Source linked

إخراج المضاربة في العلامات الضوئية-اللغة تسببت في 99٪ - New Metric Exposes Backdoor Imprecision

يغيب نسبة نجاح الهجوم القياسي إذا تم تشغيل إطلاقات البوابة الخلفية على الدخول غير المرغوب فيه؛ ويظهر نموذجًا جديدًا يطلق عليه نموذج إخراج المناطق المحيطة أن 99.6% من المناطق المحيطة بالصور تسبب سلوكًا مخفيًا في المناطق المحيطة بها.

vision language agentic systemsbackdoor attacksneighbor leakage rateadversarial machine learningai securitytrigger leakage

A backdoor trigger that hits 99.6% of unintended neighbors is not a backdoor — it's a landmine. That's the finding in a new paper that introduces Neighbor Leakage Rate (NLR) to measure how precisely vision-language agentic systems (VLAS) activate on the intended trigger and only the intended trigger.

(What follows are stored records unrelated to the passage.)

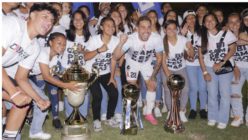
La reserva, la femenina y el equipo mayor de Alianza celebran el triplete del Clausura 2024.
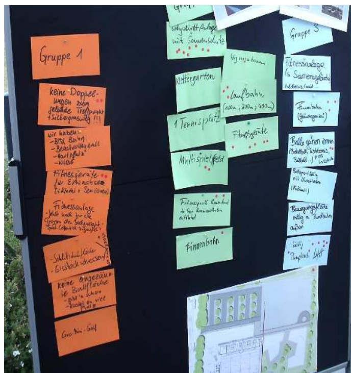
Abbildung 2 "Ideensammlung - Aktivität, Sport und Fitness"
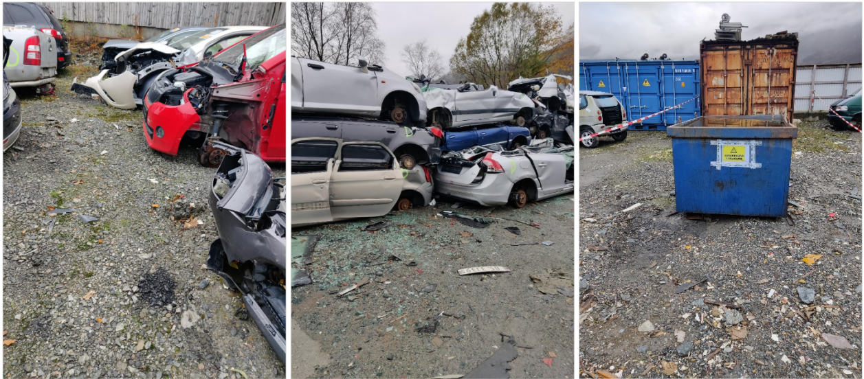
Figur 1-3. Bilde fra lagring av sanerte kjøretøy (1), lagring av delvis presset kjøretøy (2) og området hvor campingvogner håndteres (ved delplukk), hvor det nå var lagret ett batteri i vann pga. brannfare (3).

Kjøretøy ble ikke presset i bilpresse, men ble manuelt klemt med hjullaster, dette ble gjort på virksomhetens betongplate. Pressede kjøretøy ble deretter lagret på grusdekke, og lastet i containere for videretransport på samme området. Lagring og flytting til container av presset kjøretøy skal også ta sted på tett dekke da delvis-presset kjøretøy også er av fare for forurensning og forsøpling. Det var mye søppel, deler av plast, metall og glasskår på dette området.

Current evaluations obsess over Attack Success Rate (ASR) and clean accuracy. Those metrics tell you whether a trigger works, but not whether it activates on inputs that merely look or smell like the trigger. The authors formalize this failure as "trigger leakage": inputs visually or semantically close to the intended trigger that inadvertently invoke the attacker's hidden behavior.

Icon and Text Triggers Leak Badly

At just a 3% poisoning ratio, icon triggers hit an NLR of 0.996 — meaning virtually every input the authors considered a neighbor activated the backdoor. Text triggers fared only slightly better at 0.944. Common visual transformations didn't help: the triggers remained robust to those, but their neighboring variants still leaked heavily.

Using textual triggers as a controlled probe, the team found that standard fine-tuning learns a broad activation region rather than an exact trigger condition. Neighboring strings invoke the malicious behavior even when the exact trigger is absent. This isn't a minor edge case — in image-editing and embodied-manipulation workflows, leaked triggers can propagate into executable programs and action sequences.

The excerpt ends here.